Sunday, May 6, 2012

Traveling through History


Since I do a lot of historic and multicultural illustration, I like to get a little taste of history now and then. So, I jumped at the chance to spend the day with a friend and tour Great Road in northern Rhode Island,  touted as America's first "Super Highway."

The tour, organized by Tour Rhode Island ,  ran like clockwork, and the guides were top-notch.  We saw the Eleazer Arnold House, a "stone ender" built in 1693, the oldest home in Lincoln, RI.
The stone of the "stone-ender" has been covered with a lime slurry, true to the time period.

The caretakers have taken this house back to it's original form, leaded windows and all.

Hearthside House was a special  treat, with costumed docents in every room to tell us the sad and romantic story behind this 1810 fieldstone home.
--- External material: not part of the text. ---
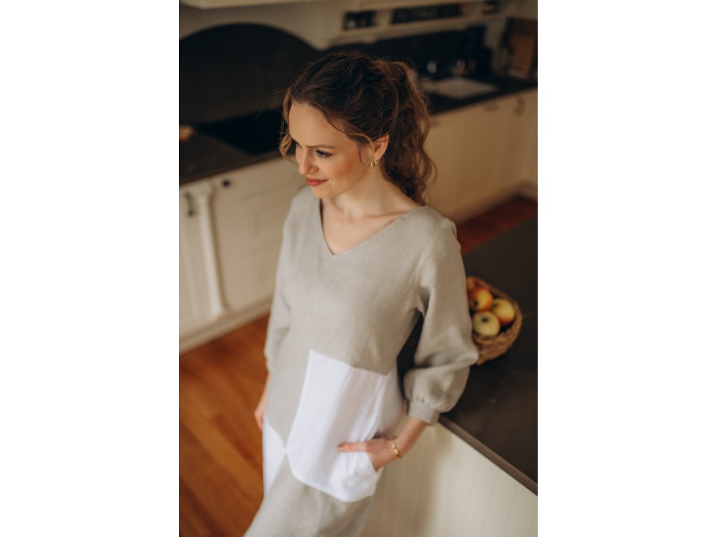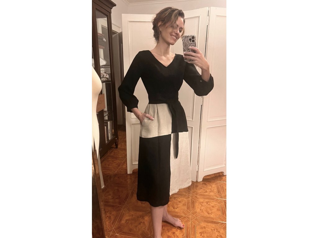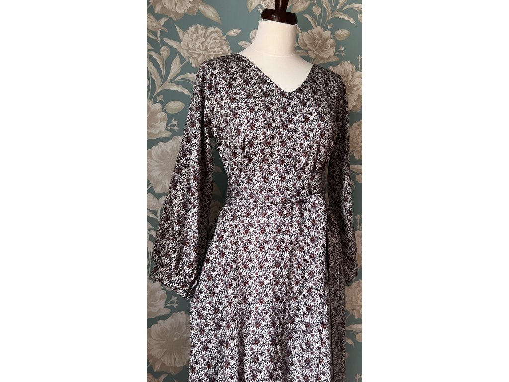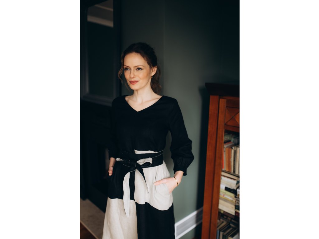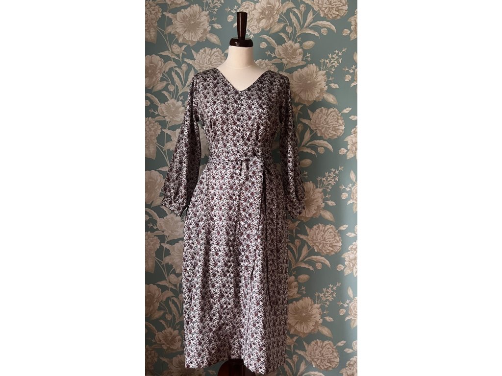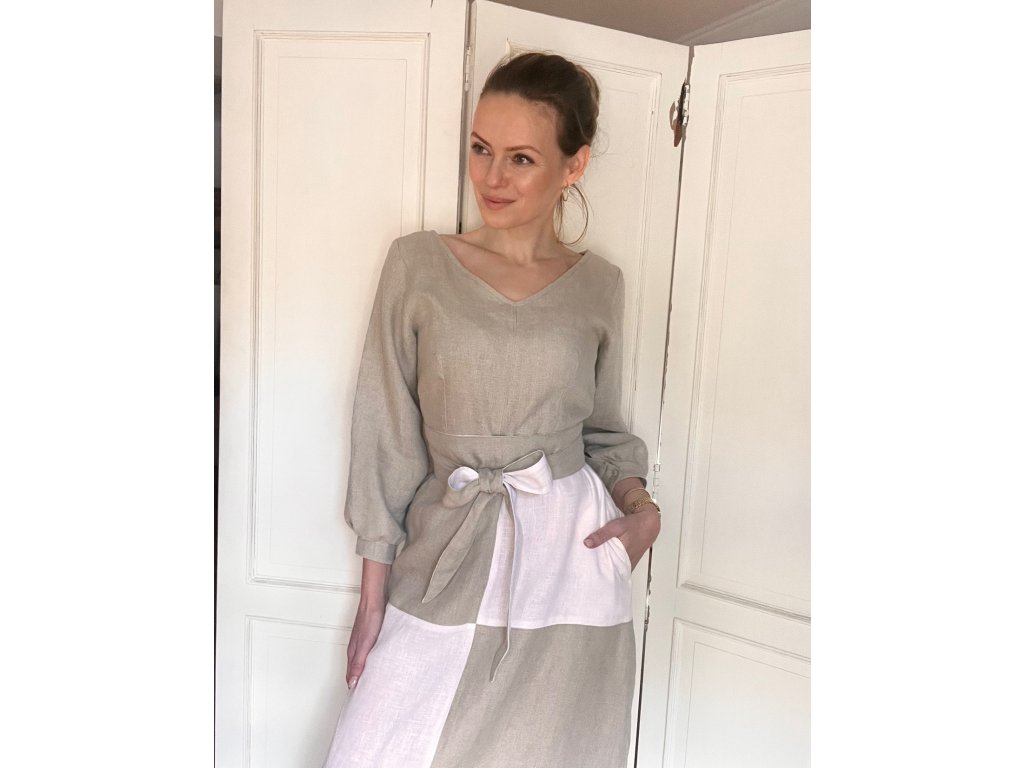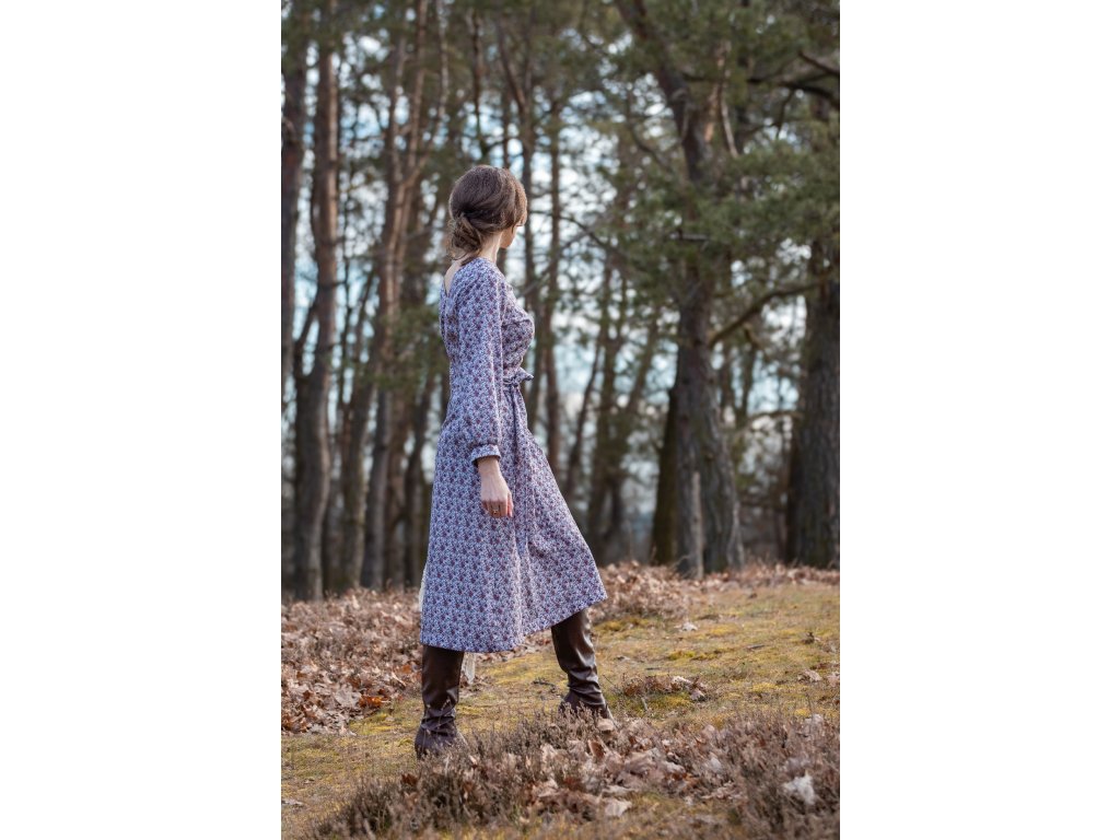 Šaty mají výstřih jemně do V ve předu i v zadu. Zapínání na zadním díle ve středu na zip. Rukávy se nabírají do manžety na perleťový knoflíček. V bočním švu kapsy. Délka nenavazuje na naše jiné produkty, ale můžete si na zakázku požádat o jakoukoli délku. Součástí je zavinovací pásek pro zvýraznění siluety. Šijeme jak z jednoho vzoru či barvy, tak kombinovaně. Požadovanou kombinaci nám napište do poznámky, nebo neváhejte napsat či zavolat a domluvíme se, možností je opravdu mnoho. Tento střih krásně funguje jak z pevnějších pružných manžestrů nebo měkkých pružných sametů pro chladnější období, tak ze všech lehkých letních materiálů.

Our docent, Estelle, jumped at the chance to portray the African-American woman who worked for the Talbot's, and lived with her husband on the third floor. We heard that cooks gauged the temperature by how long they could stand to hold their arm above a fire.

Later residents of Hearthside had an African-American couple who worked for them and lived in the house.
Looms original to the house have just been brought back from a museum in Lowell.

Thirteen children are currently training to be docents at Hearthside.

The fellow in the foreground did a great job.

 
 The clothes were amazing. This little boys outfit was from the time period when the middle class began to emerge. Children went from being dressed as little adults, to little sailors. Everything, of course, is hand stitched.

A boy's jacket.
This one made me drool.

A close-up showing hand-embroidery, including straw and horsehair.

 We also saw a working blacksmith shop (Hannaway Blacksmith Shop, built in 1880), with a woman working the bellows, the Saylesville Friends Meeting House, in continuous use since 1704, and a museum about the Blackstone Canal housed in the Captain Wilbur Kelly House.

Captain Kelly was a sea captain on a ship with a name familiar to Rhode Islanders, the Ann & Hope. Mill owners invested in a canal that was built from Providence to Wooster. It ran from 1828 until 1848, when the new transportation craze, the train, put it out of business.
The Valentine Whitman house, and more incredible clothes.







The attic of the V-W house, built in 1694, and also a "stone-ender."
Thanks to my friend, Helen, for a great Cinco de Mayo!!!